### Required work
Among the lines below, output only those between the line holding "Un aspecto del" and the line holding "Gambaran artis sahaja 画家构想图", inclusive, exactly as written and with no pictures.

----------

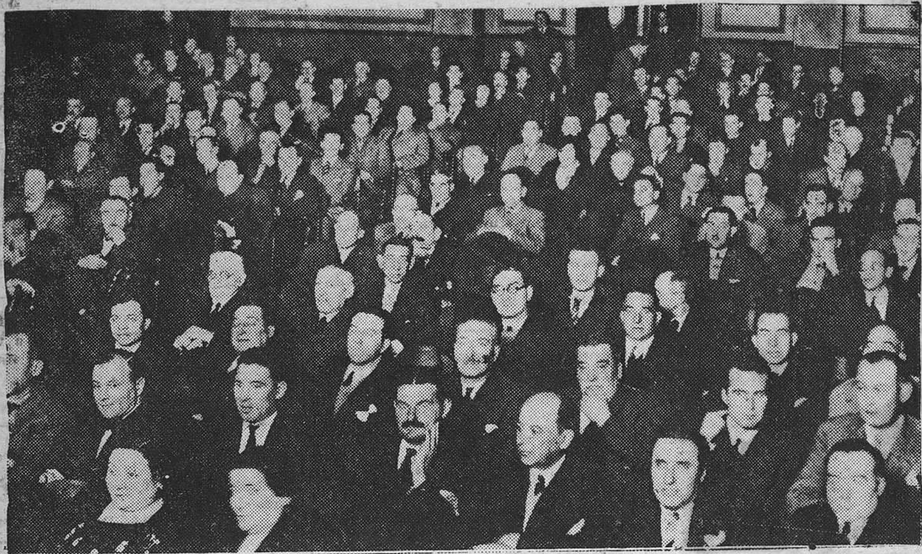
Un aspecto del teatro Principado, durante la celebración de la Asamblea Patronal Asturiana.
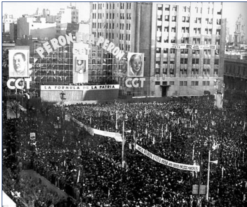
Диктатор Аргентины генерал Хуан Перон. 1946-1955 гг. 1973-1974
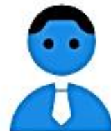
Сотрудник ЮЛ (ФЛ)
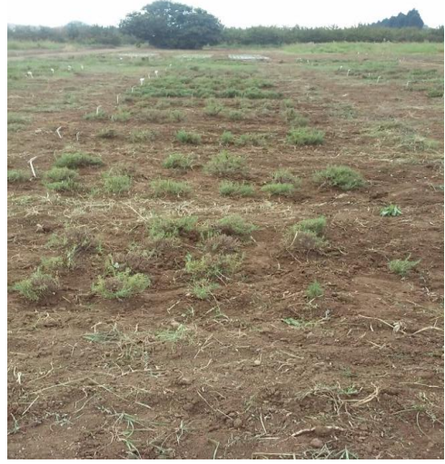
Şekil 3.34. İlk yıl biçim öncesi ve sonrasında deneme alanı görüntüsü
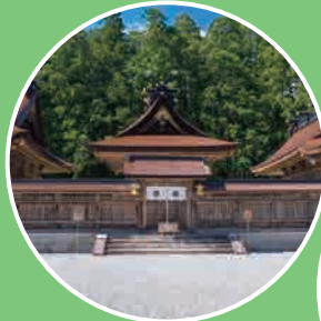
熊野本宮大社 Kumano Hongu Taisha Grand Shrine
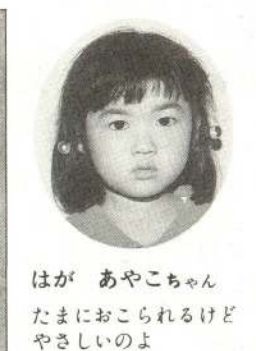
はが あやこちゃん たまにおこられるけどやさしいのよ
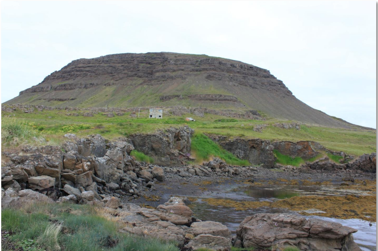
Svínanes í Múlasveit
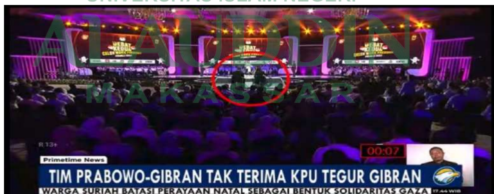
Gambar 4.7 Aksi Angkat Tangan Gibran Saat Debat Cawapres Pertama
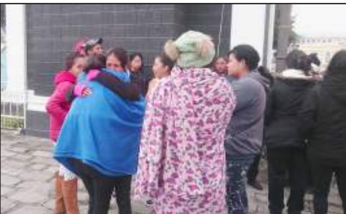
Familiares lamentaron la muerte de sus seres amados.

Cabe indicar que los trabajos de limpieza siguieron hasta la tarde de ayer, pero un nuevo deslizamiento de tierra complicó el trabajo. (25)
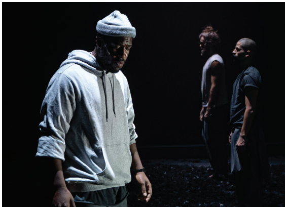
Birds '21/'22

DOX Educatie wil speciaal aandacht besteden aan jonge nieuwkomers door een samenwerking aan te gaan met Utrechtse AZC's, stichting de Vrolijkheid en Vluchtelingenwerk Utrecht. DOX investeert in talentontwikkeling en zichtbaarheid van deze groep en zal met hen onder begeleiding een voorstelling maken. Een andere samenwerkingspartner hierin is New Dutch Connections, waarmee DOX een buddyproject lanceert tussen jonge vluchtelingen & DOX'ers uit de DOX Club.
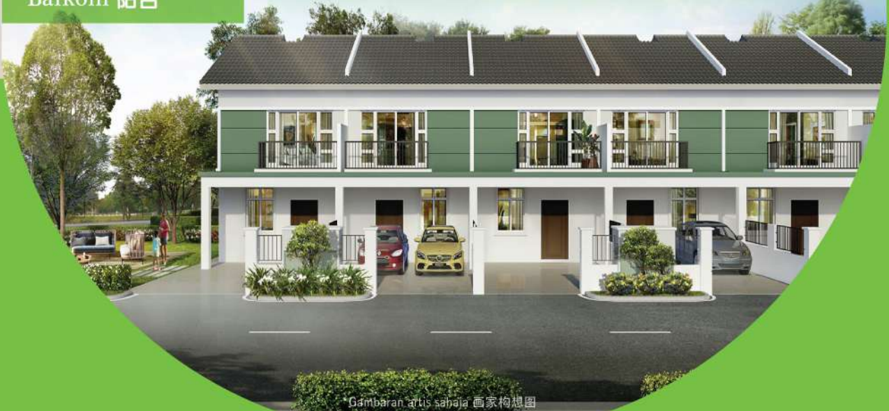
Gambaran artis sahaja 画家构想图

----------

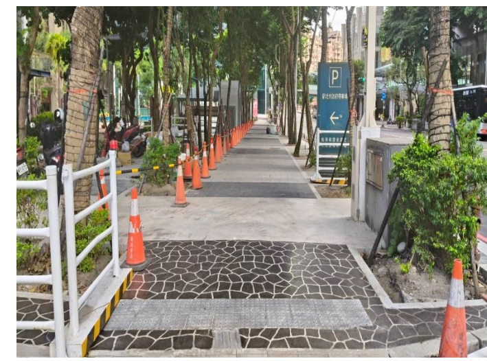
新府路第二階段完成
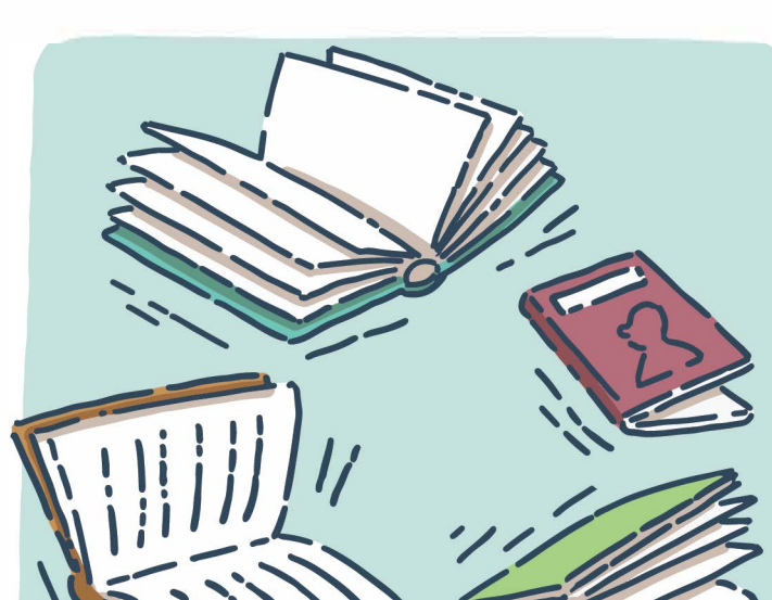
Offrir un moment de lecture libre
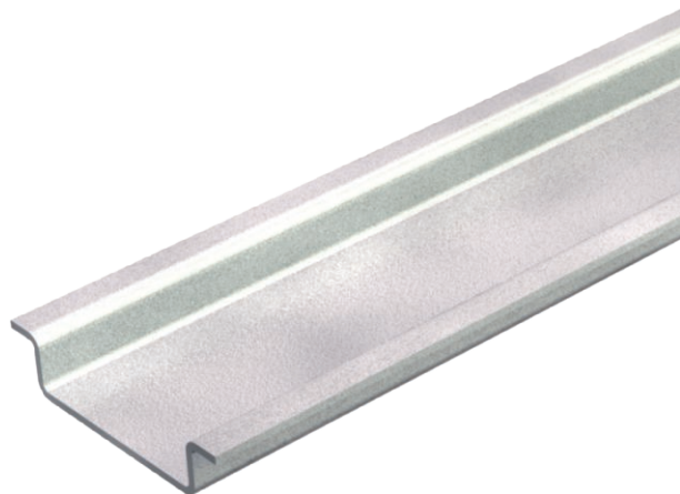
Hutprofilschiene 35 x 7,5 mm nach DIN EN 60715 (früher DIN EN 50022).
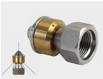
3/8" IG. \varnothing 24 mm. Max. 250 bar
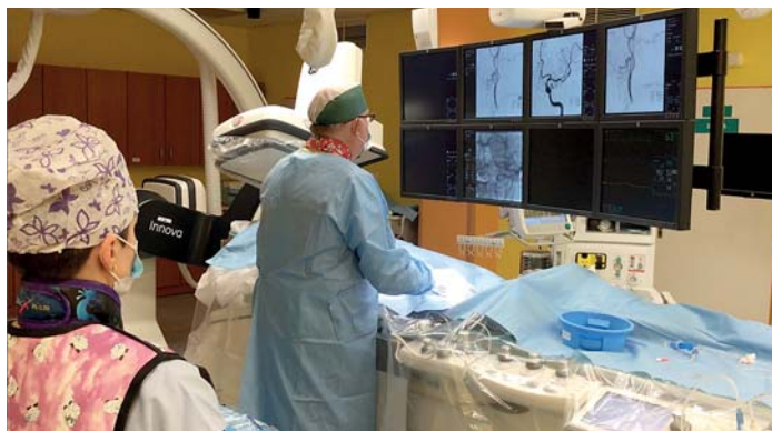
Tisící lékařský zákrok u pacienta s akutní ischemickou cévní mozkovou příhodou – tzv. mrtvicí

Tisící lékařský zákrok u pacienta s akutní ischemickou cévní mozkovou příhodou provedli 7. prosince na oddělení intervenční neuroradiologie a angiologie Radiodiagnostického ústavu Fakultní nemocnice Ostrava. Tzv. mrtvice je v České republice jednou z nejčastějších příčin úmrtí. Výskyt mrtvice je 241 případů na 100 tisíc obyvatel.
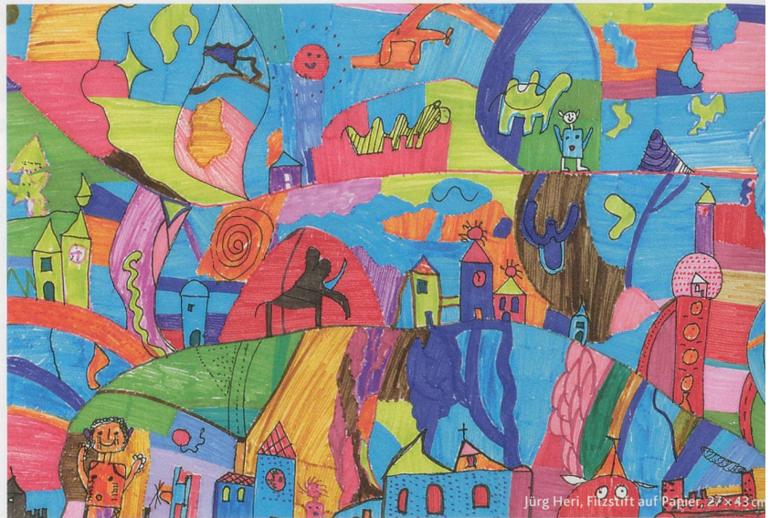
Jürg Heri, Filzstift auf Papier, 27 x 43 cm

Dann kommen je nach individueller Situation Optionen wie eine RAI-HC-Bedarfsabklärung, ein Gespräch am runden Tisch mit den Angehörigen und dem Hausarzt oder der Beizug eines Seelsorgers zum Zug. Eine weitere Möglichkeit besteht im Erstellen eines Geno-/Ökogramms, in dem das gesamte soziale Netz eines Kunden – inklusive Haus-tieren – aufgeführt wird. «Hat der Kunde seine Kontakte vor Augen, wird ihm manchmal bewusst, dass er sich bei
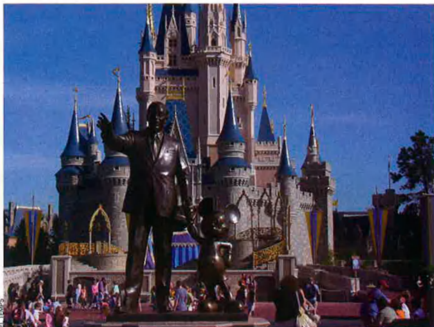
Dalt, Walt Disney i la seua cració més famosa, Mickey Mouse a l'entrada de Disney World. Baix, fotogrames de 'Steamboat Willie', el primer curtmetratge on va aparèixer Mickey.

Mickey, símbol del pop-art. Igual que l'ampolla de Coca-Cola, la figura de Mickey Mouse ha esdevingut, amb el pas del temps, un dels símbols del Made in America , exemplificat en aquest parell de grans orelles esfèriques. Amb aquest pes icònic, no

----------

### Solution to the problem
Un aspecto del teatro Principado, durante la celebración de la Asamblea Patronal Asturiana.
Диктатор Аргентины генерал Хуан Перон. 1946-1955 гг. 1973-1974
Сотрудник ЮЛ (ФЛ)
Şekil 3.34. İlk yıl biçim öncesi ve sonrasında deneme alanı görüntüsü
熊野本宮大社 Kumano Hongu Taisha Grand Shrine
はが あやこちゃん たまにおこられるけどやさしいのよ
Svínanes í Múlasveit
Gambar 4.7 Aksi Angkat Tangan Gibran Saat Debat Cawapres Pertama
Familiares lamentaron la muerte de sus seres amados.

Cabe indicar que los trabajos de limpieza siguieron hasta la tarde de ayer, pero un nuevo deslizamiento de tierra complicó el trabajo. (25)
Birds '21/'22

DOX Educatie wil speciaal aandacht besteden aan jonge nieuwkomers door een samenwerking aan te gaan met Utrechtse AZC's, stichting de Vrolijkheid en Vluchtelingenwerk Utrecht. DOX investeert in talentontwikkeling en zichtbaarheid van deze groep en zal met hen onder begeleiding een voorstelling maken. Een andere samenwerkingspartner hierin is New Dutch Connections, waarmee DOX een buddyproject lanceert tussen jonge vluchtelingen & DOX'ers uit de DOX Club.
Gambaran artis sahaja 画家构想图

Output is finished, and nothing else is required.